I don't know that I really agree with the logic here; certainly for some cases having a pretty URL matters (e.g. URL shorteners or even something like YouTube), but if your goal is to minimize URL size, and if you're centrally synchronizing anyway to avoid conflicts, why not just use integers or something? If you use a GMP-style bigint, I can virtually guarantee it'll be faster than any random string concat glue you come up with, and you're never going to run out of integers.

I like using GUID specifically because there's usually a built-in implementation everywhere, and because it's so stupidly huge, the likelihood of a conflict is statistically zero, meaning I don't need to bother synchronizing against a server.

Yes, it's technically possible I could save a few bytes of bandwidth or something by using some kind of base encoding, and maybe in some kind of embedded case that might matter, but for a vast majority of cases, GUID is absolutely fine, and since it's used everywhere, it's also very thoroughly tested by multi-billion-dollar corporations meaning that I don't have to worry much about any issues.

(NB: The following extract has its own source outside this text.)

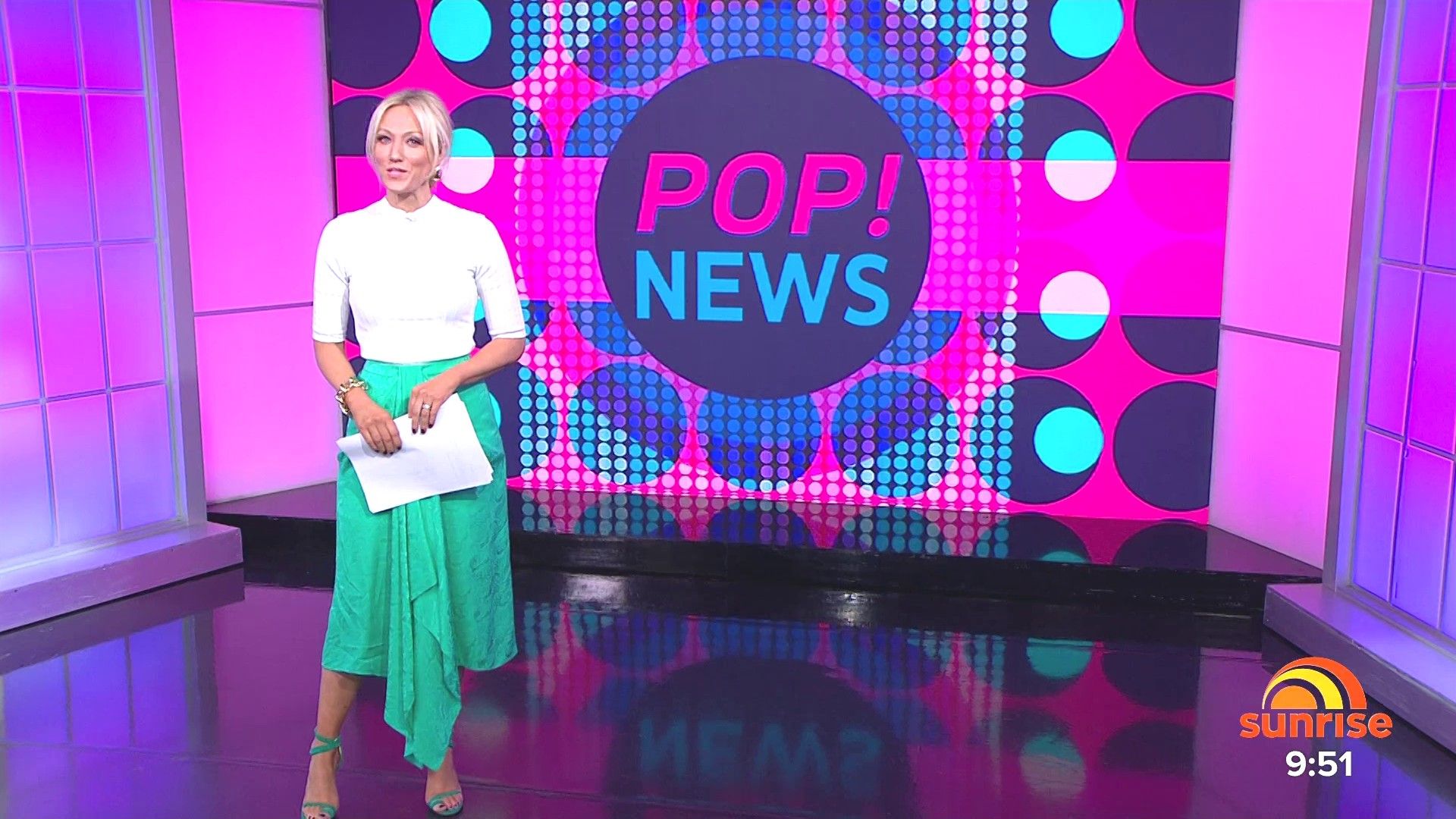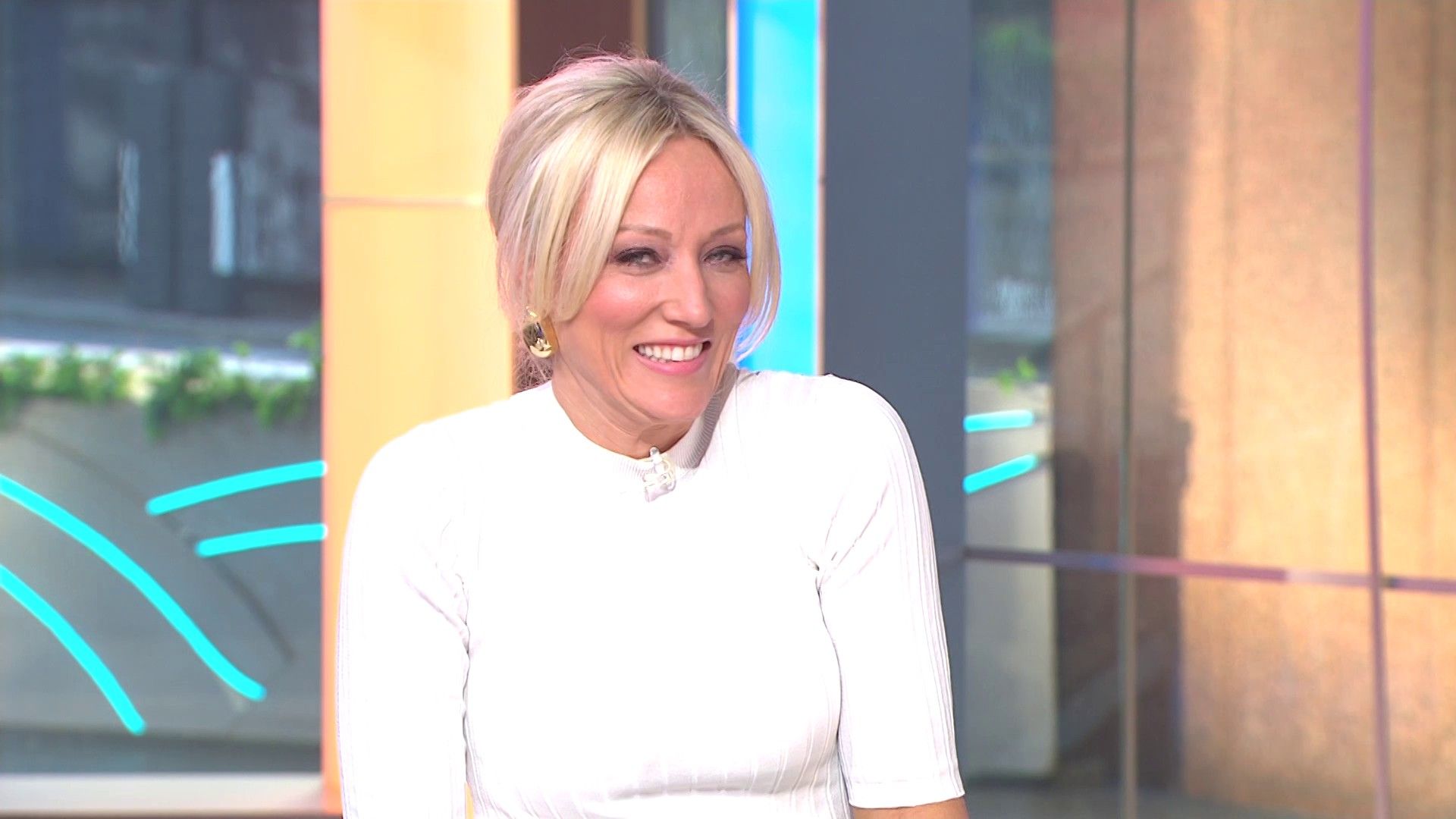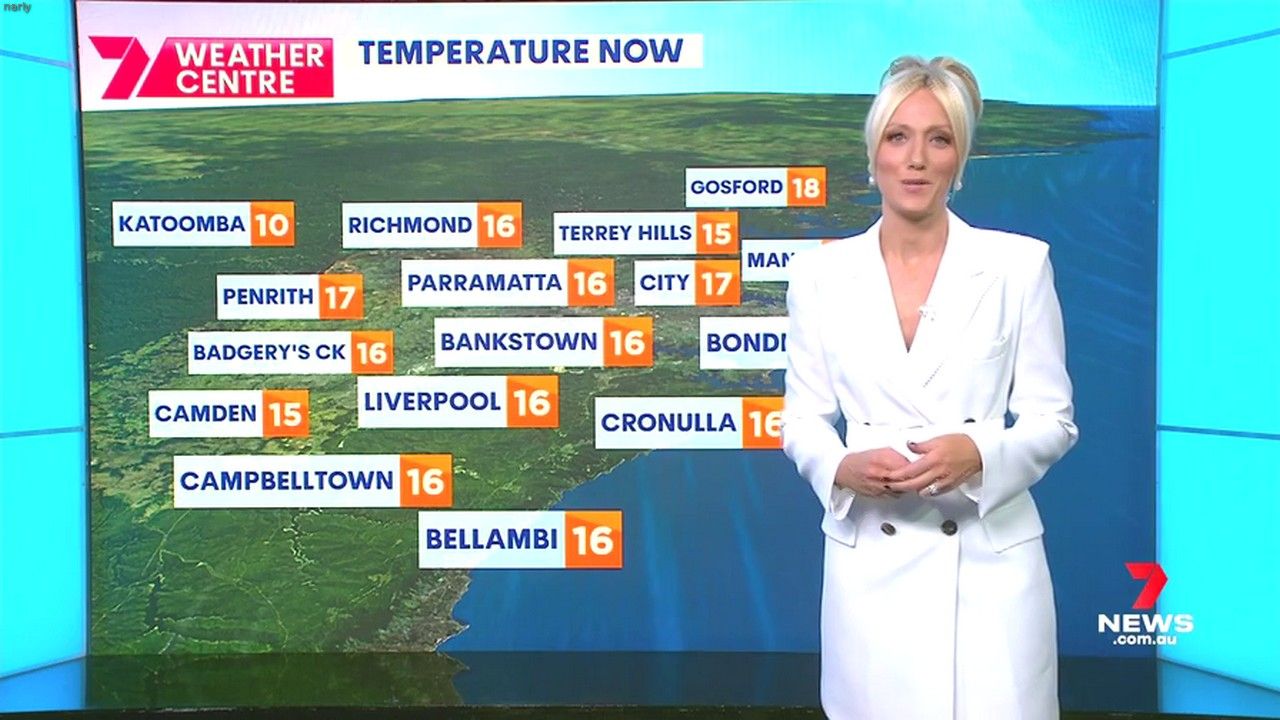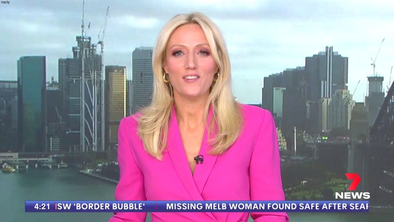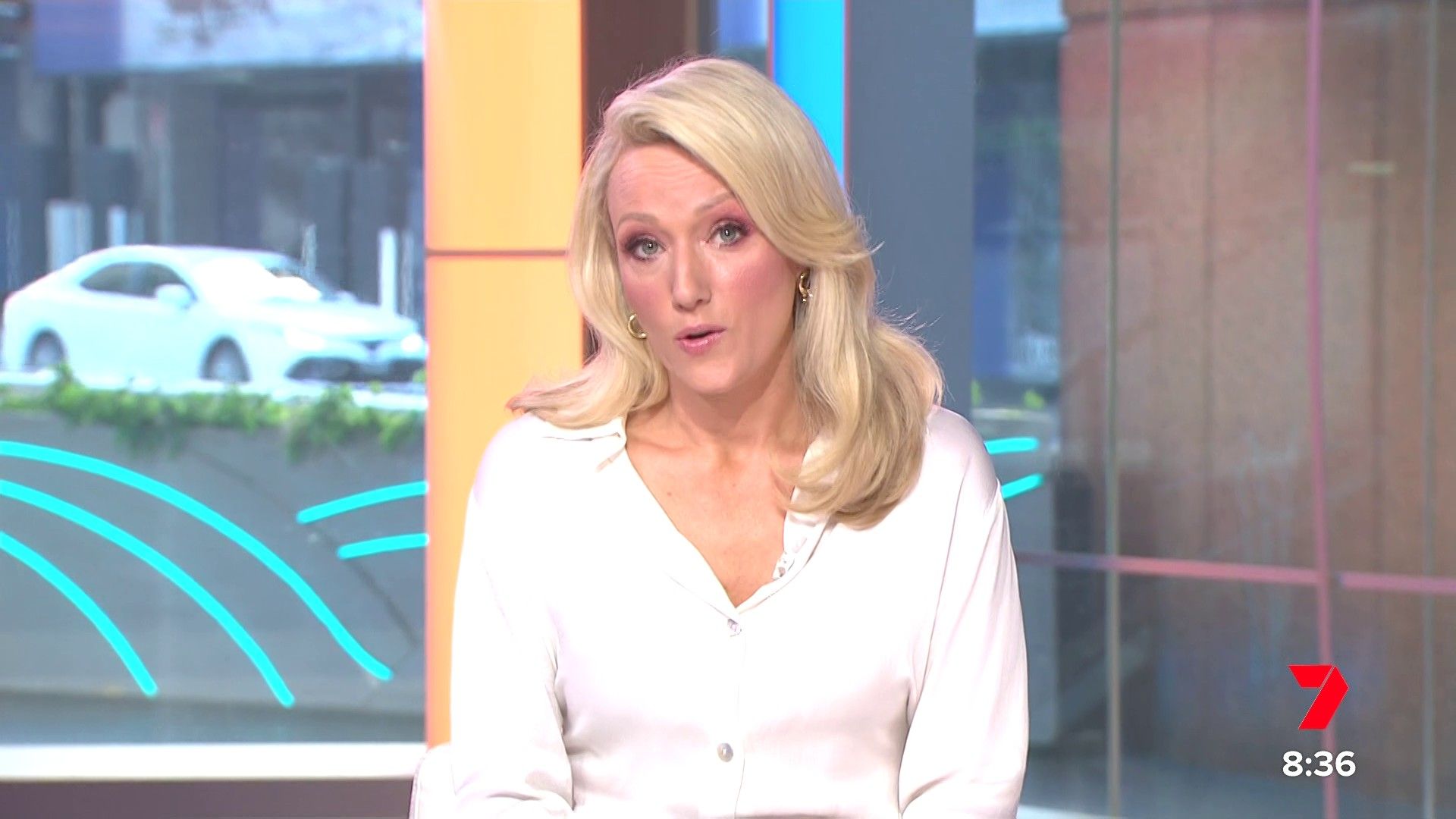 Sally hosting Morning Show in red split skirt today at about 9:35 with Gemma Acton saw her again on high chairs

So no, you don't need GUID, you don't need a lot of stuff in the software world. I could poll bytes from /dev/urandom and probably get something that works well enough, I could turn off garbage collection and just pre-allocate all my memory before hand, I could avoid an OS entirely and write straight to the metal, I could do a lot of things, but I don't because I value my time . GUID solves a specific problem pretty well.

EDIT:

The reason I'm specifying this is because I think the title would be better if it was something like "You (probably) don't need UUID".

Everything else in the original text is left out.